Cibi che creano dipendenza, come smettere di mangiarli

Ci sono dei cibi che creano una vera e propria dipendenza, a farne una lista è stata la neuro scienziata americana Nicole Avena, esperta in nutrizione.

L’elenco comprende dieci cibi, che sono un connubio tra alimenti con alto contenuto di carboidrati raffinati come lo zucchero e la farina e grassi aggiunti.

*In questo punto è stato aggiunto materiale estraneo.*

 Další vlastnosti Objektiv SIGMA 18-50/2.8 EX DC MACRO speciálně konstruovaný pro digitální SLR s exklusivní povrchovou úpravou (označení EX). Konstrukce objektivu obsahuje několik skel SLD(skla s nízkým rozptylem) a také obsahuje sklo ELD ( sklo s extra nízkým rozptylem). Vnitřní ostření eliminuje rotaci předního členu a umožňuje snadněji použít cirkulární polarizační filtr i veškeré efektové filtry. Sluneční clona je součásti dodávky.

Questi alimenti combinati tra loro creano nel nostro cervello l’input a volerne sempre di più.

Tra i dieci cibi che creano dipendenze ci sono le patatine fritte, la pizza, i biscotti, le patatine in busta, i cheeseburger, il gelato, le torte, il cioccolato, i cereali e il pollo fritto.

Sono quei classici alimenti che spesso senza accorgercene non possiamo farne a meno e che se iniziano a mangiarne smettiamo difficilmente.

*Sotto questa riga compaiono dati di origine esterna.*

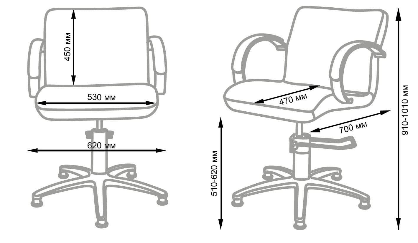 • Подлокотники: изготовлены из полированного металла, с накладками из кожзама в цвет кресла

Non solo questi alimenti sono poco sani anche se consumati in quantità non eccessiva ma creano delle vere e proprie dipendenze non sempre facile da debellare.

Questi cibi portano ad un aumento di peso con le conseguenze che il sovrappeso comporta, come l’insorgere di patologie cardiovascolari, di diabete di tipo 2, osteoartrite, sindrome del fegato grasso e tante altre.

Gli esperti consigliano di limitare al minino il consumo di questi cibi per evitare le varie complicanze sopraelencate.

Se proprio non possiamo farne a meno dobbiamo utilizzare alcuni “trucchetti”, per fare in modo che on diventino delle dipendenze dannose alla nostra salute. La pizza è preferibile mangiarla con alimenti semplici e meglio se l’impasto è fatto con farine integrali. Il cioccolato è preferibile mangiare quello fondente. Le patatine in busta, è preferibile optare quelle con il più basso contenuto di sale. Mentre quelle fatte in casa, optare per la cottura al forno invece che fritte. Se siamo consumatori di grosse quantità di gelato è preferibile farlo in casa per poter controllare gli ingredienti utilizzati e ridurre la quantità di zucchero. Anche i cereali sono da preferire quelli che contengono meno del 4% di zuccheri. Mentre la classica fetta di torta sarebbe preferibile non mangiarla o quanto meno mangiarne auna fetta molto piccola.

Ma soprattutto come suggerisce la dottoressa Avena, bisogna dotarsi di un forte autocontrollo e imparare a dire di no davanti a una fetta di torta o al altri cibi che creano dipendenze.